Collected data entries
*** Begin section ***
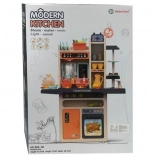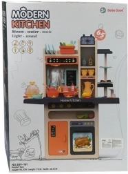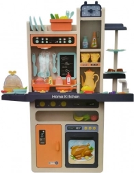 Táto moderná detská kuchynka zaujme pokojnou kombináciou oranžovej a krémovej farby a svojím dizajnom pripomínajúcim skutočnú domácu kuchyňu. Vďaka svetelným prvkom na varnej platni a realistickým zvukom varenia sa deti ponoria do role malého šéfkuchára. Praktické poličky, háčiky a priehradky pomôžu udržať poriadok a rozvíjať návyky organizácie.
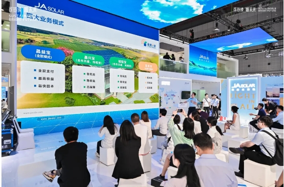 在工商业领域,本次展会上,晶澳科技不仅展出了众多优质项目,还重磅发布了工商业分布式合作模式,包括EMC、自投、合资、业主回购四种模式,合作方式灵活多样。同时,晶澳科技能够为工商业客户提供“咨询规划、金融匹配、设计建设、智能运维”一站式标准化服务与一体化交付,让客户无忧坐享电站收益。
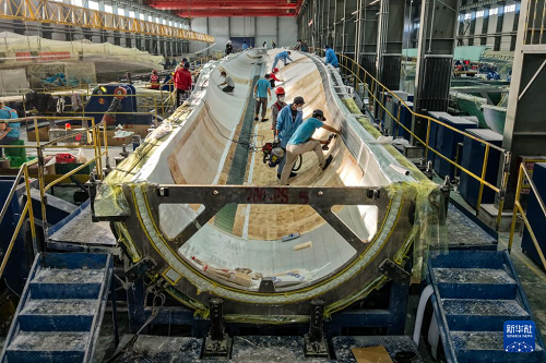 11月20日,在甘肅省酒泉經濟技術開發(fā)區(qū)的甘肅九鼎風電復合材料有限公司成型車間,工作人員進行風機葉片鋪層作業(yè)(無人機照片)。(新華社記者 郎兵兵 攝)
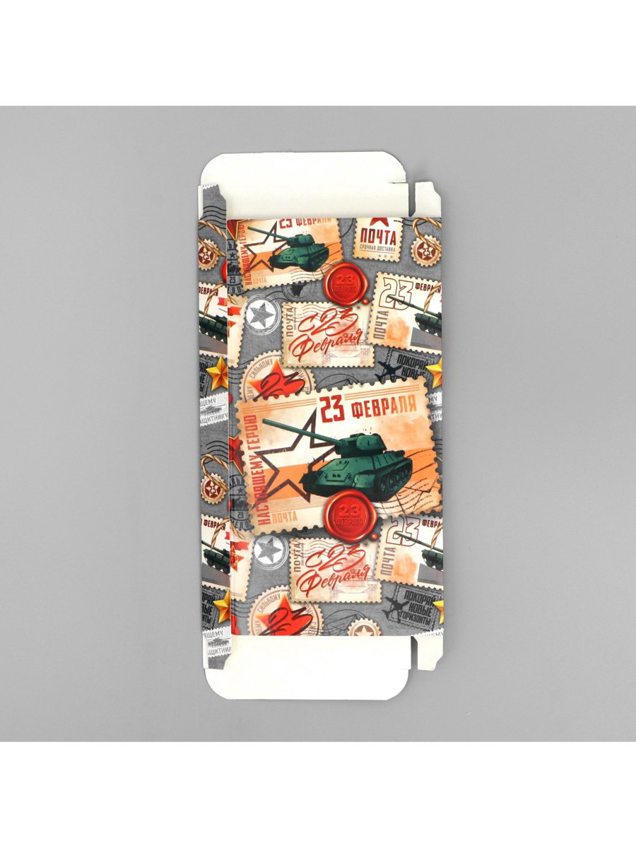 Коробка для шоколада, кондитерская упаковка "С 23 Февраля", с окном, 17.3 x 8.8 x 1.5 см, 8.8x17.3x1.5 см., Дарите Счастье, Китай
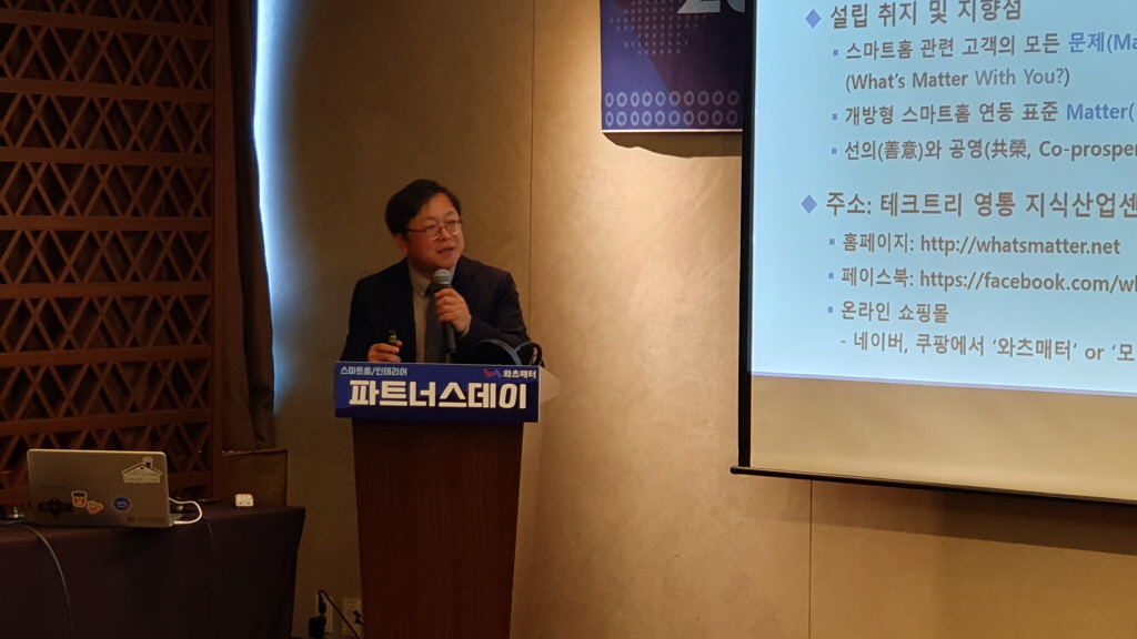 행사에서 와츠매터 김학용 대표는 회사의 성과와 비전을 공유하며 “스마트홈은 이제 대기업만의 사업이 아니라 누구나 참여할 수 있는 생활 서비스”라며 협력과 확산의 중요성을 강조했다.
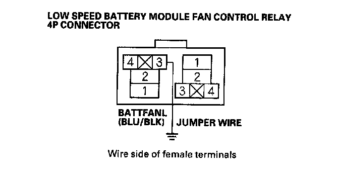 9. Connect the low speed battery module fan control relay 4P connector terminal No. 3 and body ground with a jumper wire.
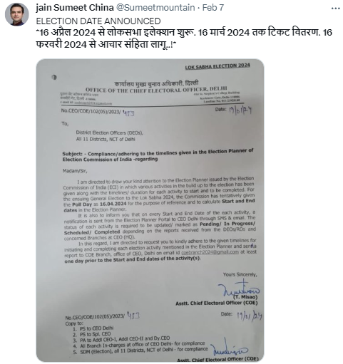 मुख्य निर्वाचन अधिकारी, दिल्ली कार्यालय ने भी एक एक्स पोस्ट में कहा है कि इस तारीख का उल्लेख केवल अधिकारियों के लिए आयोग की चुनाव योजना के अनुसार गतिविधियों की योजना बनाने के ‘संदर्भ’ के लिए किया गया था।
*** End section ***
Could you output every record above exactly as it appears, without the pictures?

§ Response area
 Táto moderná detská kuchynka zaujme pokojnou kombináciou oranžovej a krémovej farby a svojím dizajnom pripomínajúcim skutočnú domácu kuchyňu. Vďaka svetelným prvkom na varnej platni a realistickým zvukom varenia sa deti ponoria do role malého šéfkuchára. Praktické poličky, háčiky a priehradky pomôžu udržať poriadok a rozvíjať návyky organizácie.
 在工商业领域,本次展会上,晶澳科技不仅展出了众多优质项目,还重磅发布了工商业分布式合作模式,包括EMC、自投、合资、业主回购四种模式,合作方式灵活多样。同时,晶澳科技能够为工商业客户提供“咨询规划、金融匹配、设计建设、智能运维”一站式标准化服务与一体化交付,让客户无忧坐享电站收益。
 11月20日,在甘肅省酒泉經濟技術開發(fā)區(qū)的甘肅九鼎風電復合材料有限公司成型車間,工作人員進行風機葉片鋪層作業(yè)(無人機照片)。(新華社記者 郎兵兵 攝)
 Коробка для шоколада, кондитерская упаковка "С 23 Февраля", с окном, 17.3 x 8.8 x 1.5 см, 8.8x17.3x1.5 см., Дарите Счастье, Китай
 행사에서 와츠매터 김학용 대표는 회사의 성과와 비전을 공유하며 “스마트홈은 이제 대기업만의 사업이 아니라 누구나 참여할 수 있는 생활 서비스”라며 협력과 확산의 중요성을 강조했다.
 9. Connect the low speed battery module fan control relay 4P connector terminal No. 3 and body ground with a jumper wire.
 मुख्य निर्वाचन अधिकारी, दिल्ली कार्यालय ने भी एक एक्स पोस्ट में कहा है कि इस तारीख का उल्लेख केवल अधिकारियों के लिए आयोग की चुनाव योजना के अनुसार गतिविधियों की योजना बनाने के ‘संदर्भ’ के लिए किया गया था।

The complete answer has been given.